The MP claimed it was not the first time he has been threatened, saying a meeting held by certain politicians at the Landmark Hotel two weeks ago had identified a number of people who were 'not toeing the line' to be eliminated.
“I demand investigations and measures to protect those of us who were subject of discussions at Landmark after the Limuru Gema meeting,” he said.
Deputy House Speaker Farah Maalim demanded a statement from the Minister for Internal Security by next Wednesday directing that he treats the matter seriously.
“This not humour and the chair takes this seriously and expects the Minister to move fast,” he said as he directed the MP to proceed and record a statement with the Criminal Investigations Department.
Mr Maalim said MPs should not be intimidated at any point and should enjoy their constitutional freedoms.
The legislators scoffed at assistant minister Orwa Ojode when in response, said MPs should always use their bodyguards. Mr Ojode directed the Police Commissioner to move with speed and investigate the matter and said he can only issue a statement after this is done.
“In the meantime, I appeal to my colleagues, I have done what I can by providing each one of them with two security officers, use your bodyguards because they will come and report to me when such an incident happen.
"In their absence it becomes very difficult because anything can happen to my colleagues, otherwise with bodyguards I want to say we are safe,” he stated.
MPs, however, raised complains on the choice of body-guards, some expressing fears that some could be spies and a threat to their security.
Mr Imanyara said one of the bodyguards, who was assigned to him had mental problems and had been admitted to the Mathari Mental Hospital.
Gichugu MP and presidential hopeful Martha Karua, however, said the minister's statement was in bad state since it implies Kenyans who are not privileged to have bodyguards cannot be assured of security.
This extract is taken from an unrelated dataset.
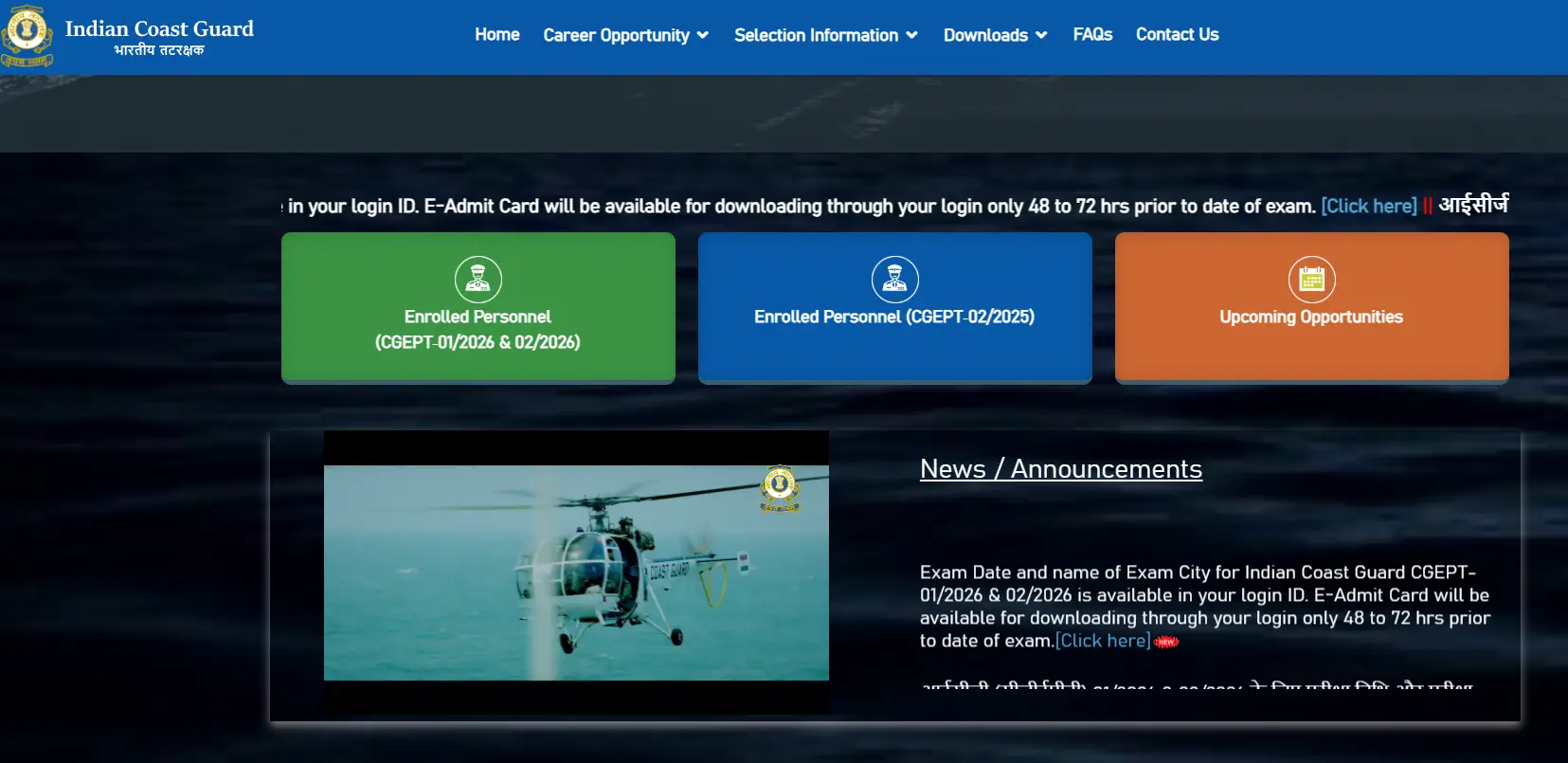 Indian Coast Guard CGEPT Exam Date, City and Admit Card 2025: The Indian Coast Guard (ICG) has released the exam city intimation and admit card for the CGEPT 01/2026 and CGEPT 02/2026 for the posts of Navik (General Duty), Navik (Domestic Branch) & Yantriks. The Indian Navy released the exam city intimation on 4 September 2025. The candidates can download the ICG CGEPT Exam city and Admit Card by logging in from the website joinindiancoastguard.cdac.in/cgept. The direct link to download the Indian Coast Guard CGEPT 01/2026 and 02/2026 Exam City Intimation Slip and Admit Card 2025 is given here.

Turkana Central MP Ekwe Ethuro said the choice of bodyguards was wanting and that their role is more of reporting about MPs than protecting them.
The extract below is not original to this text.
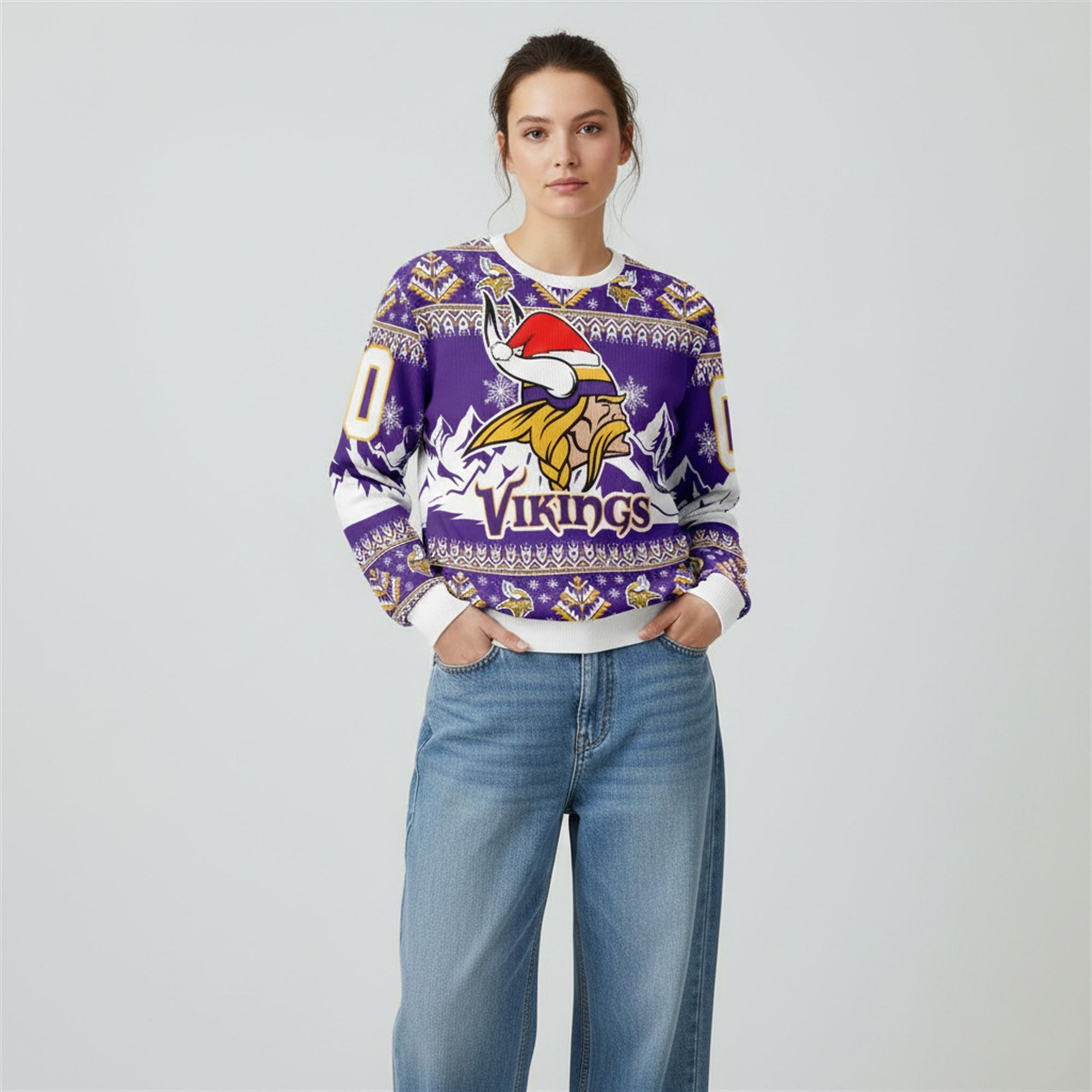 Celebrate the 2025 holiday season with a thunderous “SKOL!” by wearing the sweater. Designed for the fan who lives and breathes Minnesota football, this garment is a masterclass in festive fan apparel. The design features a bold, high-definition graphic of the Vikings’ Norseman logo donning a festive Santa hat, instantly signaling that you are ready for both battle and holiday cheer.

Budalangi MP Ababu Namwamba said it was obvious the country is facing a security threat with a proliferation of criminal elements and that police officers have been involved in some cases.
Nominated MPs Rachael Shebesh, Millie Odhiambo condemned tribal groupings and use of force by police and demanded that the Police Commissioner be questioned.
“We want to know whether the Police Commissioner is affiliated to one side...we don't want to speak too late and lose Kenyans and even political leaders and we want the role of tribal groupings in inciting Kenyans looked into,” said Ms Shebesh.
Other legislators who raised concerns were Gwassi MP John Mbadi, Rongai MP Luka Kigen, Lari MP David Njuguna, Garsen MP Danson Mungatana, Embakasi MP and assistant minister Ferdinand Waititu and Nyatike MP Edick Anyanga.
Mr Anyanga said he has not seen his bodyguard for the last one year and demanded response from the Minister for Internal security.